Adam Mars-Jones is somewhat of an enigma as a writer. He was selected by Granta as one of its 20 'Best of British Young Novelists' in both 1983 and 1993, but Cedilla is only his third novel (The Waters of Thirst appeared in 1993, and Pilcrow in 2008). Cedilla is the second volume of a trilogy, and follows closely on from the end of Pilcrow. The story is that of John Pilcrow, physically crippled by Still’s Disease but with his mind and determination to live an independent life very much intact. In Cedilla, he goes to University, travels and becomes independent. I suspect it would be best to read Pilcrow first, before attempting Cedilla. This is an ambitious work attracting critical praise and it is probably a good time to get aboard the bandwagon.
Mars-Jones was born in London in 1954. Educated at Westminster School and Trinity Hall, Cambridge, he studied and then taught Creative Writing at the University of Virginia. He was film critic for The Independent between 1986 and 1997 and for The Times between 1998 and 2000. He is an occasional contributor to The Guardian and the Times Literary Supplement, and a regular reviewer for The Observer. His fiction includes the collections of short stories, Lantern Lecture (1981), his first book, winner of a Somerset Maugham Award; and Monopolies of Loss (1992). The Darker Proof: Stories from a Crisis (1987) was co-written with Edmund White. Mars-Jones' first novel, The Waters of Thirst, was published in 1993. Blind Bitter Happiness (1997), a collection of essays, includes 'Venus Envy', originally published as a pamphlet in the CounterBlasts series in 1990. Pilcrow was published in 2008.

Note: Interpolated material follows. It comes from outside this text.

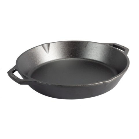 Pan, 13-1/4" dia., dual handle, stove top/induction/grill/campfire/oven safe, seasoned cast iron, PFOA & PTFE free material, Made in the USA
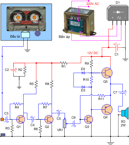 Bạn đọc hãy tự lắp một chiếc Cassette theo sơ đồ mạch dưới đây, sau

“Cedilla continues the history of John Cromer begun by Pilcrow, described by the London Review of Books as "peculiar, original, utterly idiosyncratic" and by the Sunday Times as "truly exhilarating". These huge and sparkling books are particularly surprising coming from a writer of previously (let’s be tactful) modest productivity, who had seemed stubbornly attached to small forms. Now the alleged miniaturist has rumbled into the literary traffic in his monster truck, and seems determined to overtake Proust’s cork-lined limousine while it’s stopped at the lights. John Cromer is the weakest hero in literature -- unless he’s one of the strongest. In Cedilla he launches himself into the wider world of mainstream education, and comes upon deeper joys, subtler setbacks. The tone and texture of the two books is similar, but their emotional worlds are very different. The slow unfolding of themes is perhaps closer to Indian classical music than the Western tradition -- raga/saga, anyone? This isn’t an epic novel as such things are normally understood, to be sure. It contains no physical battles and the bare minimum of travel, yet surely it qualifies. None of the reviews of Pilcrow explicitly compared it to a coral reef made of a billion tiny Crunchie bars, but that was the drift of opinion. Page by page, Cedilla too provides unfailing pleasure. It’s the book you can read between meals without ruining your appetite.”